Figure 5. The MDA5 Transgene enhances B cell responses in FcγR2B^−/− mice

(A) 3–6 month old WT, MDA5 Tg, FcγR2B^−/− and MDA5 Tg FcγR2B^−/− mice were analyzed for the presence of class-switched (B220⁺IgG2a⁺), GC (B220⁺FAS⁺GL7⁺) and plasma blast (B220^intCD138⁺) B cells using flow cytometry. Additionally, data points for WT and MDA5 Tg animals from Figure 2 are plotted here for comparison. Absolute numbers for individual mice are displayed. (B) Mean fluorescence intensity of ICOS and numbers for CD4⁺CD44^HiCXCR5⁺ T follicular helper cells were measured on splenocytes purified from mice of the indicated genotype. Each dot represents an individual mouse. (C) Total IgG, IgG1 and IgG2a was measured in the sera of 2–4 month old WT, MDA5 Tg, FcγR2B^−/− and MDA5 Tg FcγR2B^−/− mice by ELISA. Each dot represents a single mouse. *P<0.05, **P<0.01, ***P<0.001.

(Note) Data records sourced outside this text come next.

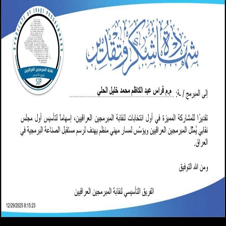 شارك أحد تدريسيي المدرس المساعد فراس عبدالكاظم محمد الحلي، في انتخابات نقابة المبرمجين العراقيين
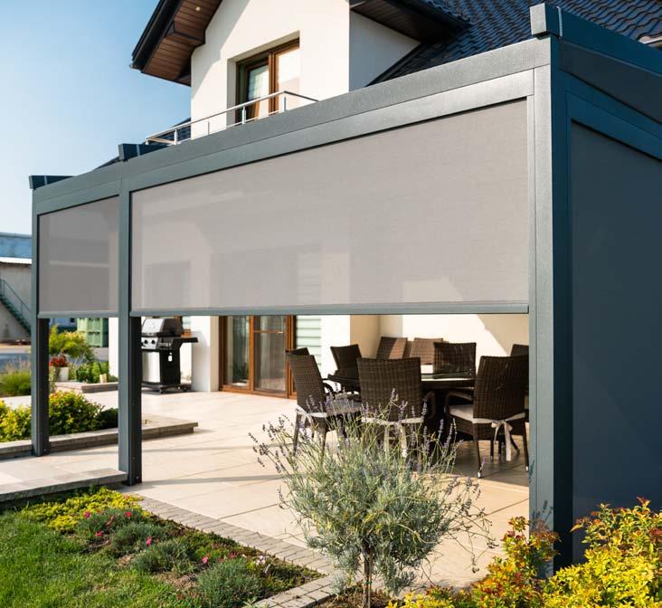 Die Hauptbestimmung der Screen-Außenrollladen ist der Schutz der Terrasse und des Gebäudes vor zu viel Sonne und vor Erhitzung. Die Rollladen beschatten zusätzlich und schützen die Räume. Deren Montage an großen Glaswänden garantiert einen optimalen Sonnenschutz. Die gleichzeitige Verwendung von Screen-Rollladen erlaubt den Betrieb der Klimaanlagen zu beschränken, wodurch die Nutzkosten von Gebäuden sich verringern. Die Rollvorhänge schützen auch wirksam die Terrassen vor Wind, Verschmutzungen und Insekten. Die zahlreichen Systeme werden individuell an jeden Entwurf angepasst. So ist dieses System der universellste Schutz für die Wände der Terrassenüberdachung.
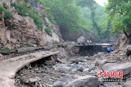據(jù)介紹,13日晚20時許,淶水縣九龍鎮(zhèn)突降百年不遇特大暴雨,并伴有大風(fēng)冰雹,頃刻間,山洪裹著巨石、泥漿呼嘯而下,席卷了九龍鎮(zhèn)沿河道的六個村莊,致使嶺南臺、莊里、莊頭、高鋪、柏林城、南莊六個村受災(zāi)嚴重。據(jù)初步估算,受災(zāi)人口3100多人、牲畜2000多頭(只),倒塌損壞房屋499間、橋梁5座、車輛31輛,毀壞道路10.7公里、耕地1312畝、樹木16925棵,另有兩人失蹤,直接經(jīng)濟損失達8197.8萬元。
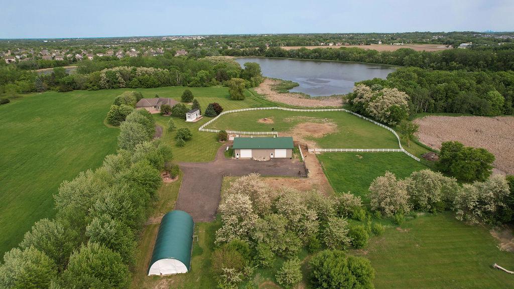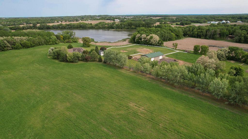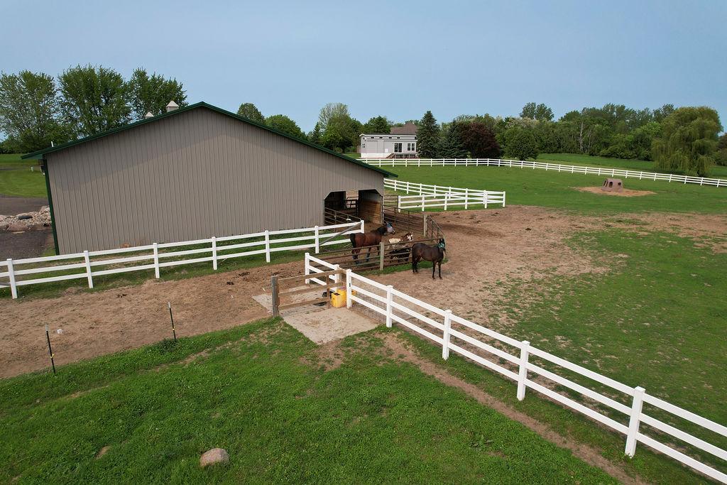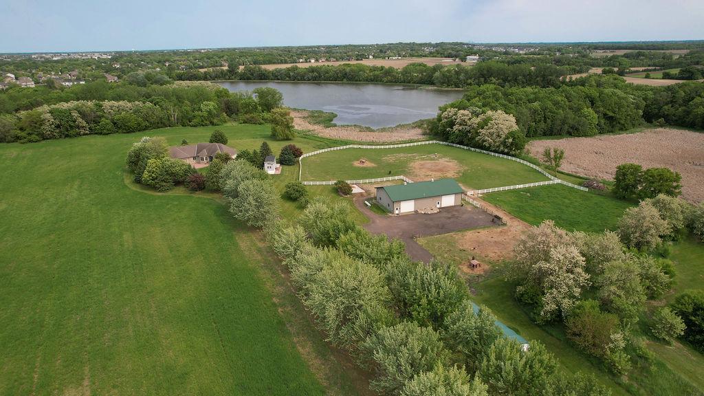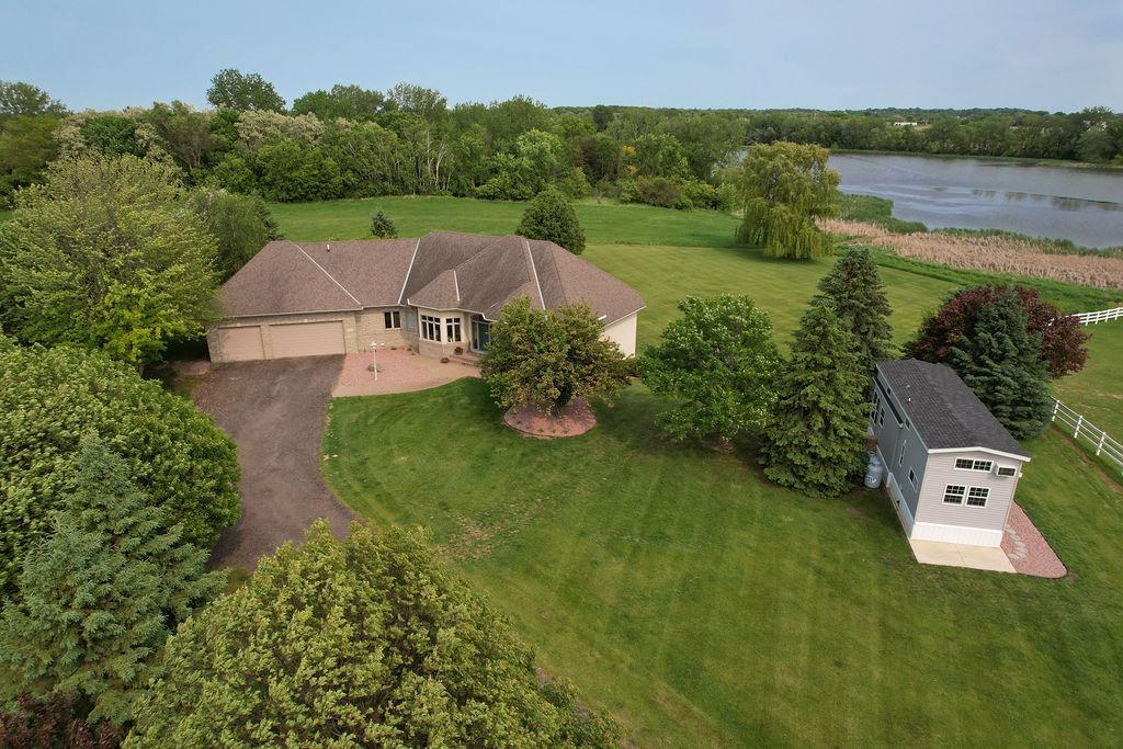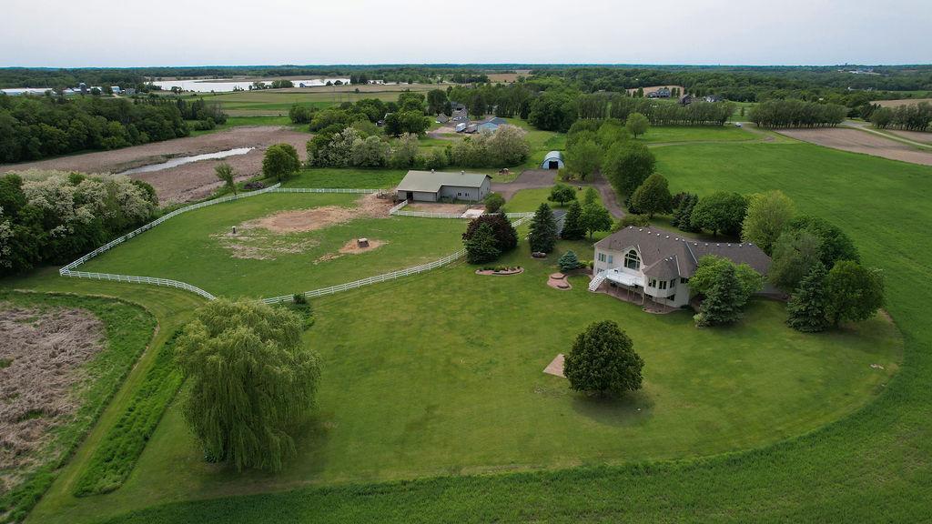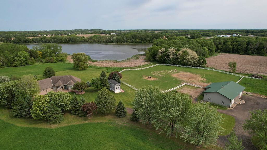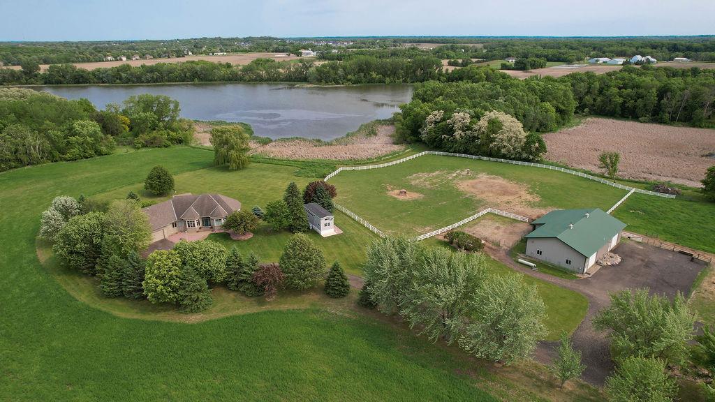 Lake front, Horse Stables, Fenced Pasture, Heated Shop, and 21 acres; if there were such thing as a Dream Property this is it! Welcome to this Custom-Built, walkout Rambler off Lake Cowley in Rogers. Thoughtfully designed with vaulted ceilings, a sunroom overlooking the backyard, and a dedicated home office space. The kitchen has upgraded features which include granite countertops, a tile backsplash, matching stainless steel appliances, and a large center island to gather around. On the Main Floor you will find the spacious, Primary Bedroom with Private Bathroom that includes a double vanity sink, tub, and walk-in shower. Enjoy Main Level Living with the Laundry Room located of the Main Floor as well. Downstairs you'll find two over-sized bedrooms, each include a walk in closet and built in vanity. Between each bedroom is a full bathroom with double vanity sink, tub, and walk in shower. Enjoy the wet-bar off the Family Room that has a walk out to the back patio. The outdoor space is magnificent. All the privacy one could wish for and lakefront that provides stunning sunset views off Lake Cowley. The 21 Acre lot holds a 64 x 27 Hay Tent and a 44 x 80 Heated and Insulated Pole Building containing a 44 x 47 Shop and six indoor horse stables, plumbed and ready for an additional bathroom to be added. Ask about future development options.

Figure 6. The MDA5 Transgene accelerates autoimmunity in FcγR2B^−/− mice

(A) Cumulative survival was monitored for FcγR2B^+/−, MDA5 Tg FcγR2B^+/−, FcγR2B^−/− and MDA5 Tg FcγR2B^−/− mice for 10 months (left panel). The level of proteinuria was measured in the urine using a dip stick (Right Panel). Data is represented as the percentage of mice that are proteinuria free throughout the 10-month period. (B) Spleen weights from 2–4 month FcγR2B^−/− and MDA5 Tg FcγR2B^−/− mice were quantified. Spleen weights for WT and MDA5 Tgs from Figure 1D are plotted for comparison. (C) Total IgG + IgM anti-nuclear antibody levels were quantified using an ANA ELISA. (D) Kidneys from 2.5–4 month old mice of the indicated genotype were stained with H&E and kidney sections were analyzed for glomerulonephritis. Glomeruli score was determined by measuring individual glomeruli from multiple fields of view. WT n=3 mice, FcγR2B^−/− n=6 mice and MDA5 Tg FcγR2B^−/− n=8 mice. For A–D each dot represents a single mouse. Data are pooled from multiple experiments. For A, Log-rank (Mantel-Cox) and Gehan-Breslow-Wilcoxon tests were performed with similar P values. *P<0.05, **P<0.01, ***P<0.001.